WHAT THE TASK ASKS> Everything in the records below goes into the copy exactly, except the pictures.
-=-=-
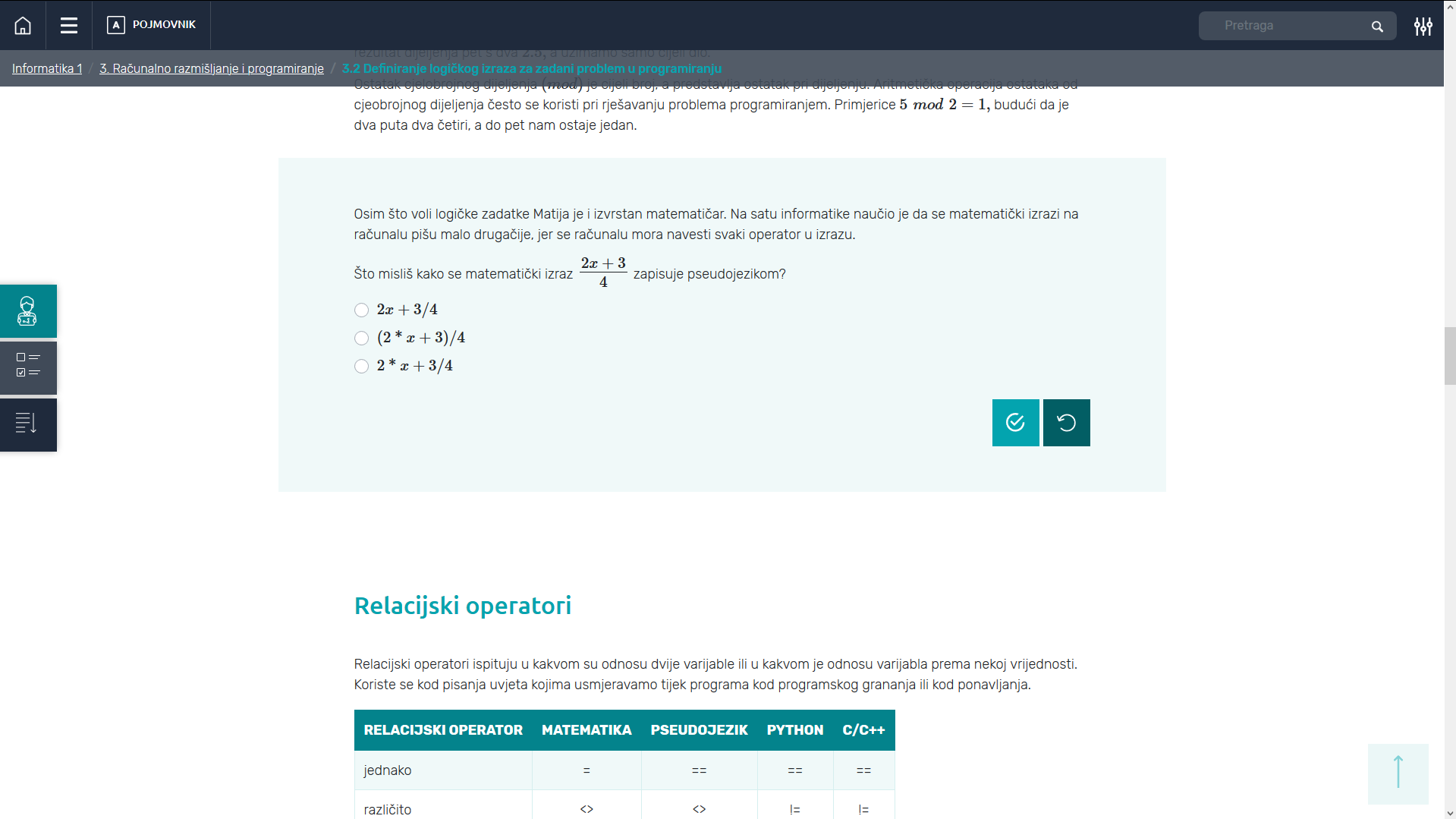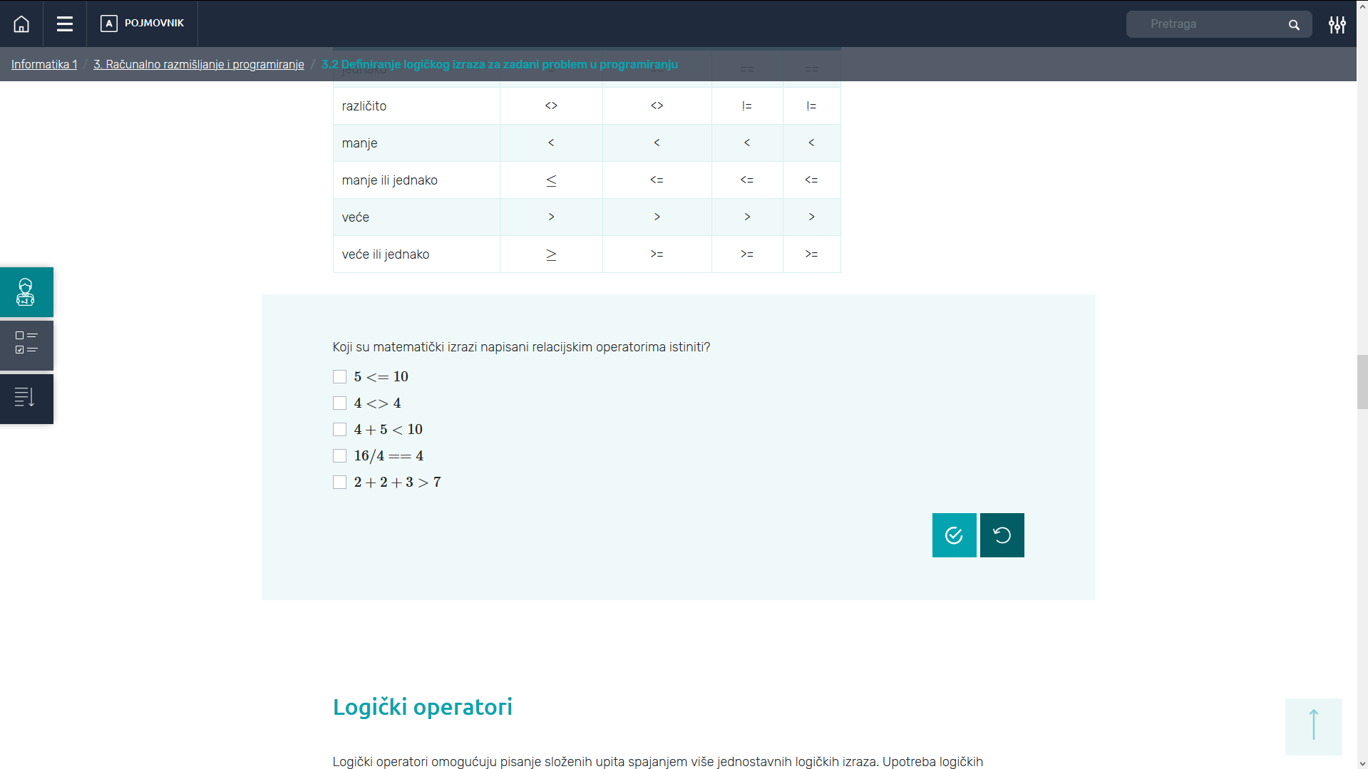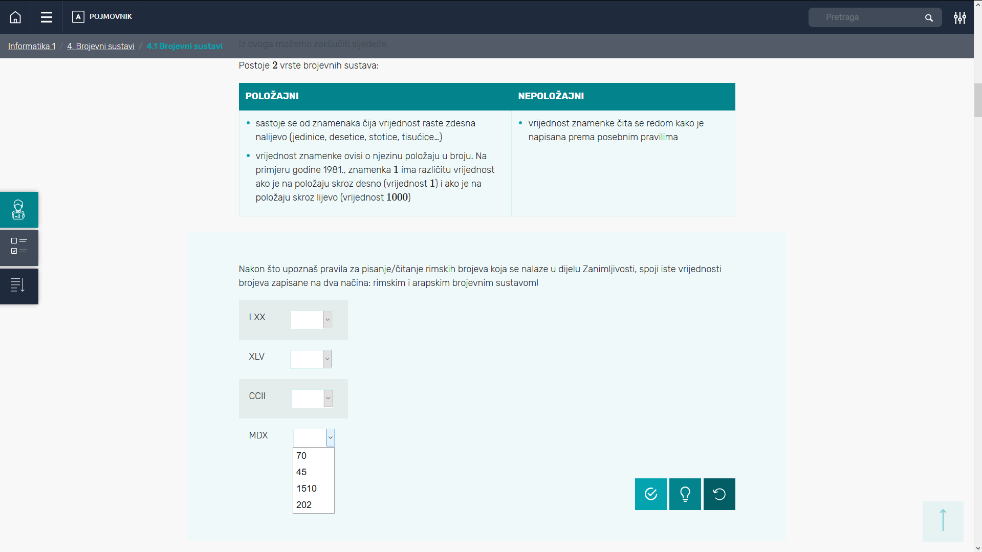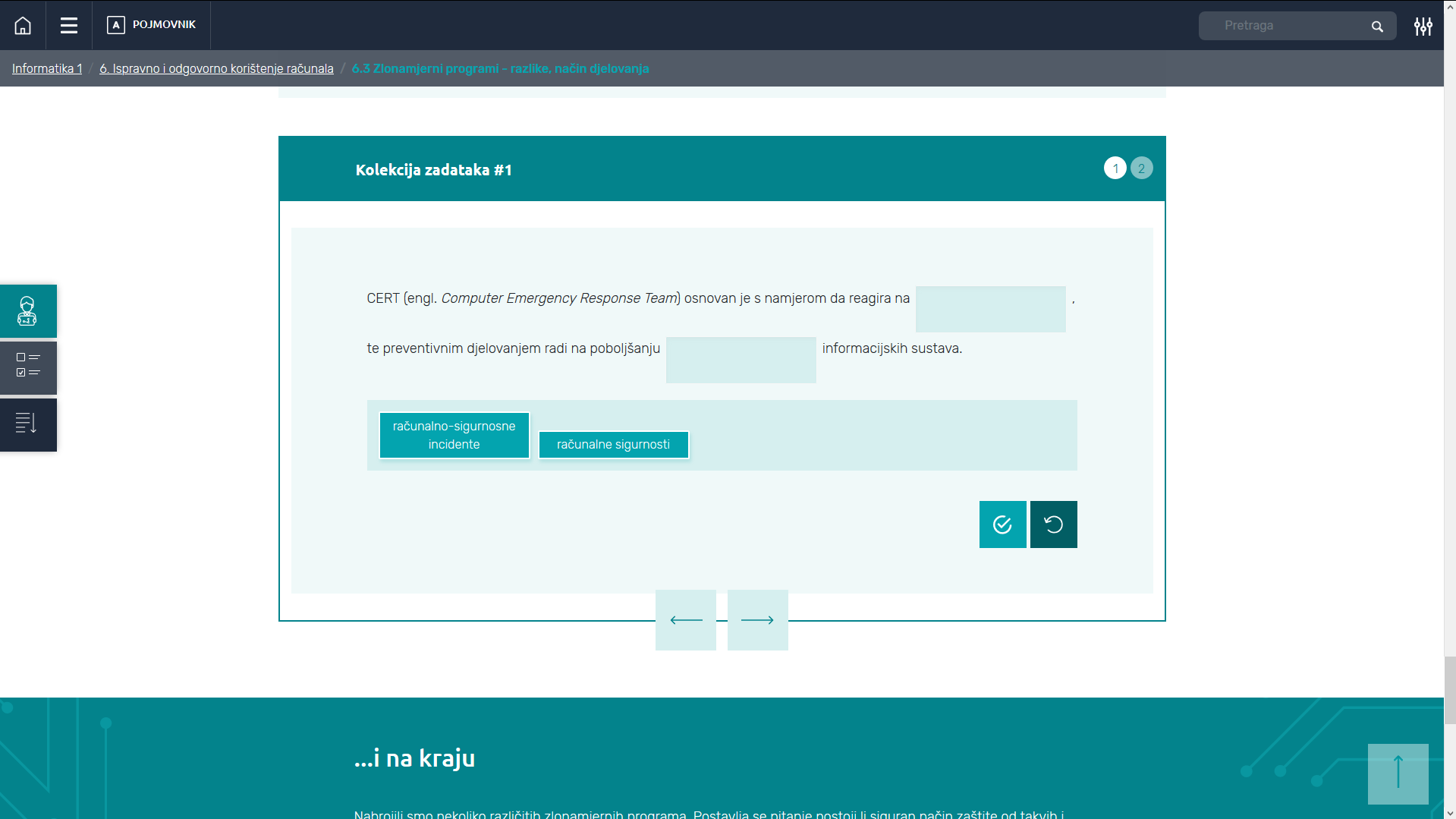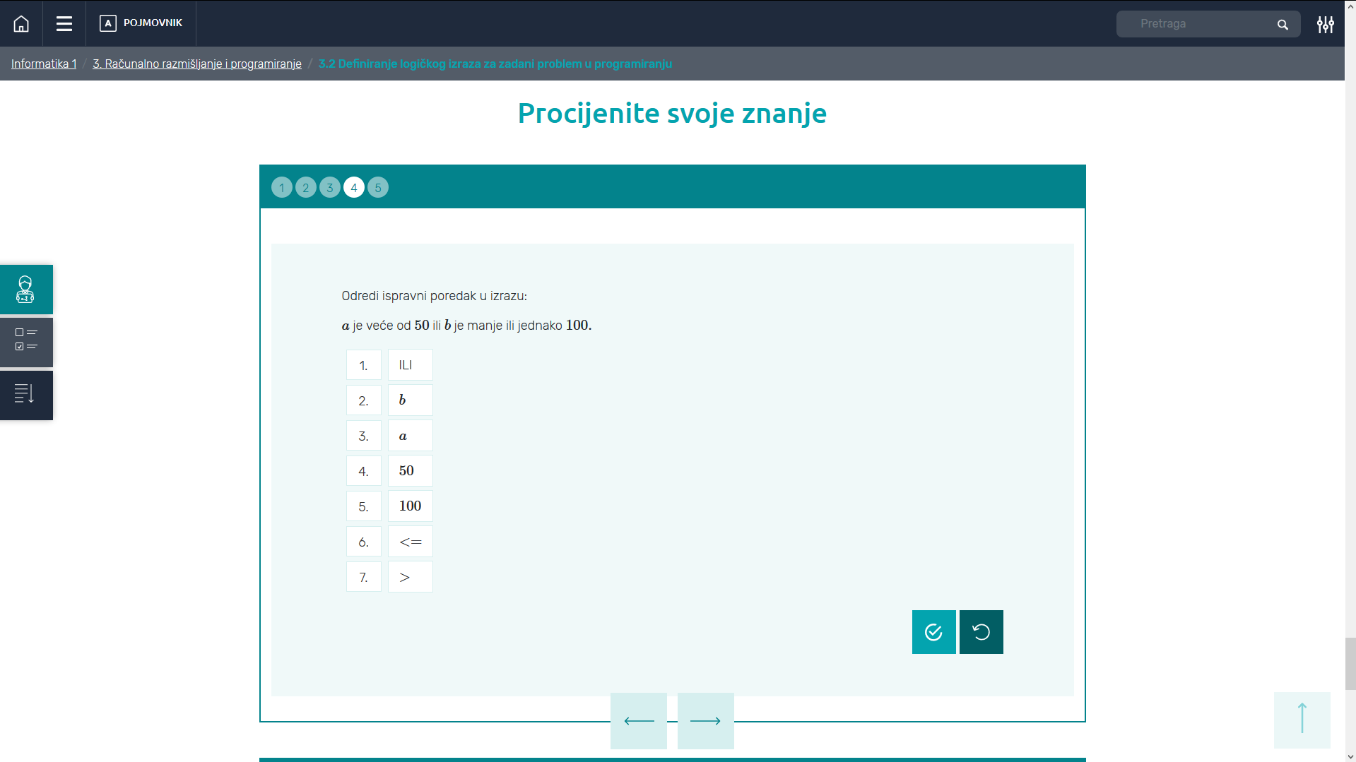 Kada se nalazimo na stranici pojedine jedinice, možemo prelaziti na prethodnu ili sljedeću jedinicu pomoću strelica u zaglavlju stranice. Pristup do svih jedinica u modulu omogućen je uz pomoć odabira rednog broja pojedine jedinice i direktnog pristupa prvoj i zadnjoj jedinici.
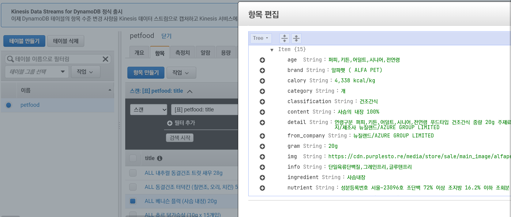 Dynampdb-테이블-항목으로 가서 보니 잘 들어갔다.
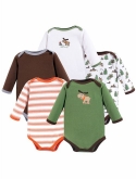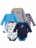 Set includes five long-sleeve bodysuits Made of 100% Interlock Cotton, exclusive of decoration Snap Closure for Easy Diaper Changes Optimal for Cooler Temperatures Machine Washable
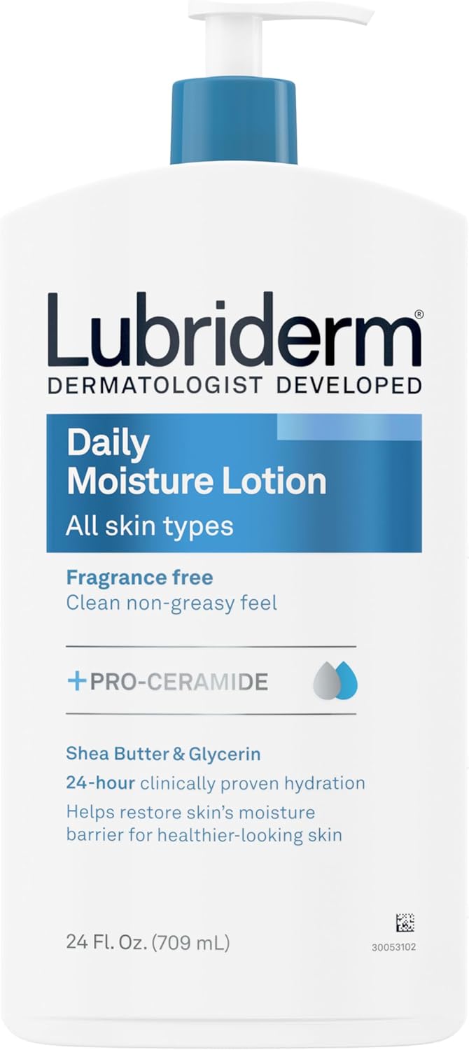 Lubriderm Fragrance Free Daily Moisture Lotion is a moisturizing lotion created by a dermatologist-developed brand and designed to deliver clinically proven 24-hour hydration for healthier-looking skin. Formulated with Pro-Ceramide, shea butter, and glycerin, this lightweight, non-greasy moisturizer helps restore and maintain your skin’s natural moisture barrier, leaving skin soft. The fast-absorbing, unscented formula is allergy- and dermatologist tested, free of parabens, phthalates, and dyes, and will not clog pores, making it ideal for sensitive and normal-to-dry skin. Use this versatile body, face, and hand lotion for women and men as part of your daily skin care routine to help replenish moisture and support a healthy-looking skin barrier. Lubriderm Daily Moisture Lotion is suitable for all skin types, including sensitive skin, and is perfect for those seeking a gentle, fragrance-free moisturizing lotion that provides long-lasting hydration without a greasy feel. To use, smooth on face, hands, and body daily or as directed by a physician. The 24-fluid ounce bottle offers lasting value and convenience for everyday use. Trust Lubriderm, a dermatologist-developed brand, for reliable hydration and gentle care that fits seamlessly into your skin care regimen. With consistent use, this moisturizing lotion helps maintain soft, healthier-looking skin, making it an essential choice for anyone seeking effective, gentle, and fragrance-free hydration for face, hands, and body.
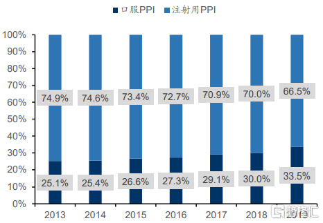 同时,从国信证券的研究数据看出,2013年至2019年间,口服PPI的市场份额在不断提升,由此可以看出未来口服PPI的市场正在稳步增长中。
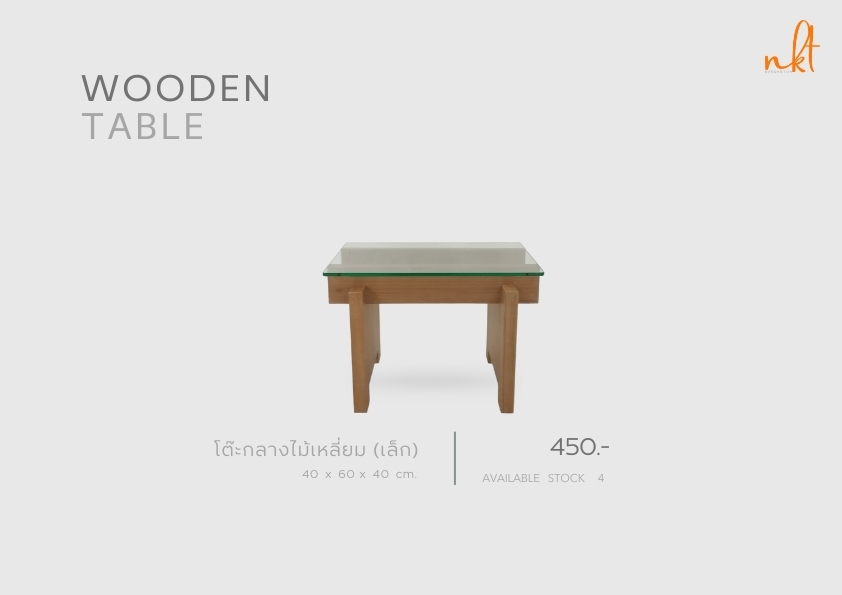 เช่าโต๊ะกลางไม้เหลี่ยม(เล็ก) 40x60x40cm | 450 |
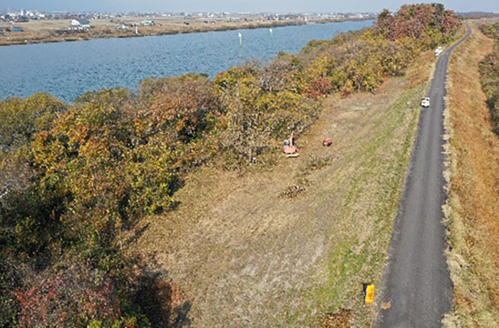 木曽・長良川中堤(長良川左岸)の樹木伐開を進めます。
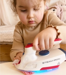 Żelazko jest zabawką bezpieczną dla dzieci, ponieważ się nie nagrzewa, ale jest wyposażone w wiele funkcji, które ożywiają zabawę: przycisk do imitacji prawdziwych dźwięków prasowania, światło LED oraz efekty dźwiękowe w formie piosenek. Ten zestaw jest idealny dla dzieci, które lubią naśladować rodziców w codziennych czynnościach.
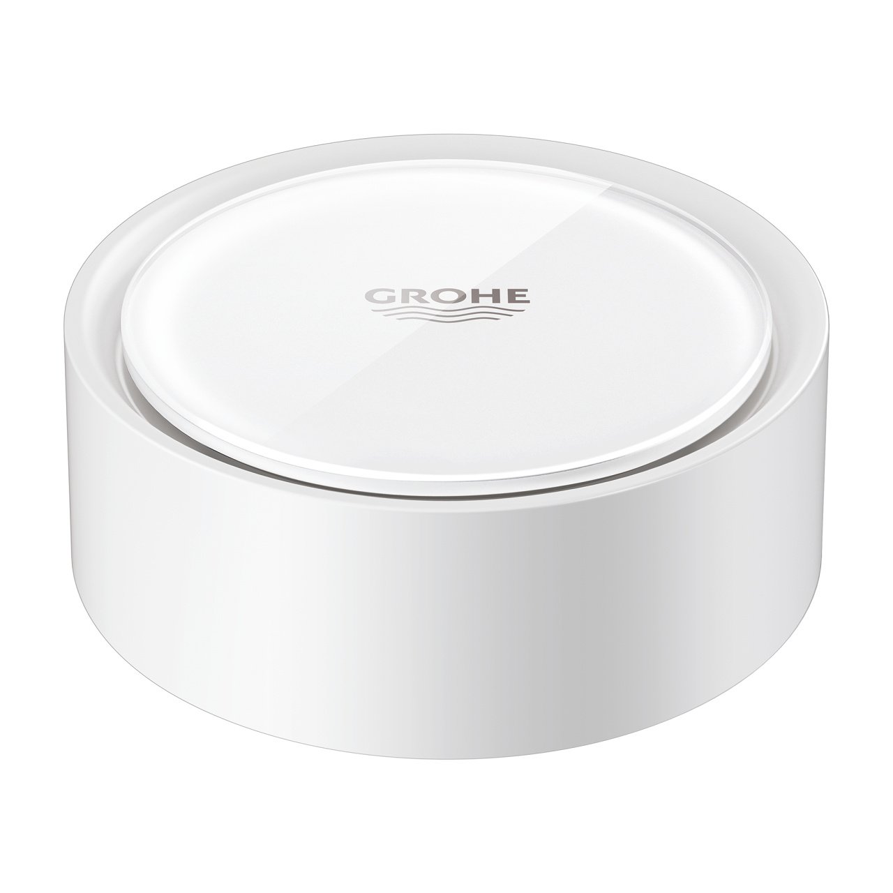 Welkom bij GROHE Sense, de innovatieve watersensor! Dit prachtig gemaakte apparaat dat werkt op batterijen detecteert het eerste teken van overstroming en kan zelfs de temperatuur en vochtigheid meten en is daarom perfect voor veelgebruikte ruimtes zoals badkamers en keukens. Zodra het ongewenst water detecteert, knippert er een rood lampje op de glanzende acrylplaat en klinkt er een zoemer zodat je snel actie kunt ondernemen. En omdat het een Wi-Fi-verbinding heeft, stuurt het een waarschuwing naar je smartphone door middel van een pushmelding via de app of via de e-mail.
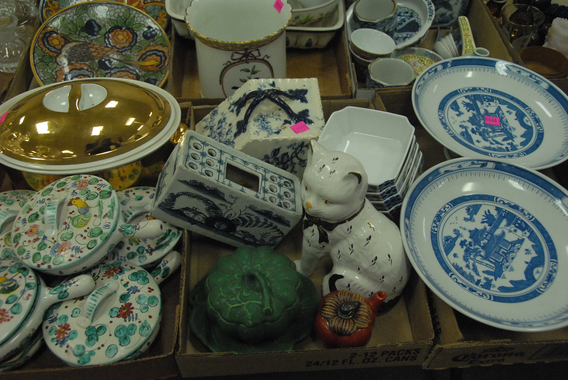 Four box lots to include two Holland enameled pots, Dansk serving dish, porcelain serving dish with duck cover, yelloware bowl and two lamps, Delft tiles, pair of white metal figures, etc.
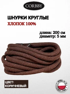 Шнурки круглые, коричневые 200 см
-=-=-
TASK RESPONSE>
 Kada se nalazimo na stranici pojedine jedinice, možemo prelaziti na prethodnu ili sljedeću jedinicu pomoću strelica u zaglavlju stranice. Pristup do svih jedinica u modulu omogućen je uz pomoć odabira rednog broja pojedine jedinice i direktnog pristupa prvoj i zadnjoj jedinici.
 Dynampdb-테이블-항목으로 가서 보니 잘 들어갔다.
 Set includes five long-sleeve bodysuits Made of 100% Interlock Cotton, exclusive of decoration Snap Closure for Easy Diaper Changes Optimal for Cooler Temperatures Machine Washable
 Lubriderm Fragrance Free Daily Moisture Lotion is a moisturizing lotion created by a dermatologist-developed brand and designed to deliver clinically proven 24-hour hydration for healthier-looking skin. Formulated with Pro-Ceramide, shea butter, and glycerin, this lightweight, non-greasy moisturizer helps restore and maintain your skin’s natural moisture barrier, leaving skin soft. The fast-absorbing, unscented formula is allergy- and dermatologist tested, free of parabens, phthalates, and dyes, and will not clog pores, making it ideal for sensitive and normal-to-dry skin. Use this versatile body, face, and hand lotion for women and men as part of your daily skin care routine to help replenish moisture and support a healthy-looking skin barrier. Lubriderm Daily Moisture Lotion is suitable for all skin types, including sensitive skin, and is perfect for those seeking a gentle, fragrance-free moisturizing lotion that provides long-lasting hydration without a greasy feel. To use, smooth on face, hands, and body daily or as directed by a physician. The 24-fluid ounce bottle offers lasting value and convenience for everyday use. Trust Lubriderm, a dermatologist-developed brand, for reliable hydration and gentle care that fits seamlessly into your skin care regimen. With consistent use, this moisturizing lotion helps maintain soft, healthier-looking skin, making it an essential choice for anyone seeking effective, gentle, and fragrance-free hydration for face, hands, and body.
 同时,从国信证券的研究数据看出,2013年至2019年间,口服PPI的市场份额在不断提升,由此可以看出未来口服PPI的市场正在稳步增长中。
 เช่าโต๊ะกลางไม้เหลี่ยม(เล็ก) 40x60x40cm | 450 |
 木曽・長良川中堤(長良川左岸)の樹木伐開を進めます。
 Żelazko jest zabawką bezpieczną dla dzieci, ponieważ się nie nagrzewa, ale jest wyposażone w wiele funkcji, które ożywiają zabawę: przycisk do imitacji prawdziwych dźwięków prasowania, światło LED oraz efekty dźwiękowe w formie piosenek. Ten zestaw jest idealny dla dzieci, które lubią naśladować rodziców w codziennych czynnościach.
 Welkom bij GROHE Sense, de innovatieve watersensor! Dit prachtig gemaakte apparaat dat werkt op batterijen detecteert het eerste teken van overstroming en kan zelfs de temperatuur en vochtigheid meten en is daarom perfect voor veelgebruikte ruimtes zoals badkamers en keukens. Zodra het ongewenst water detecteert, knippert er een rood lampje op de glanzende acrylplaat en klinkt er een zoemer zodat je snel actie kunt ondernemen. En omdat het een Wi-Fi-verbinding heeft, stuurt het een waarschuwing naar je smartphone door middel van een pushmelding via de app of via de e-mail.
 Four box lots to include two Holland enameled pots, Dansk serving dish, porcelain serving dish with duck cover, yelloware bowl and two lamps, Delft tiles, pair of white metal figures, etc.
 Шнурки круглые, коричневые 200 см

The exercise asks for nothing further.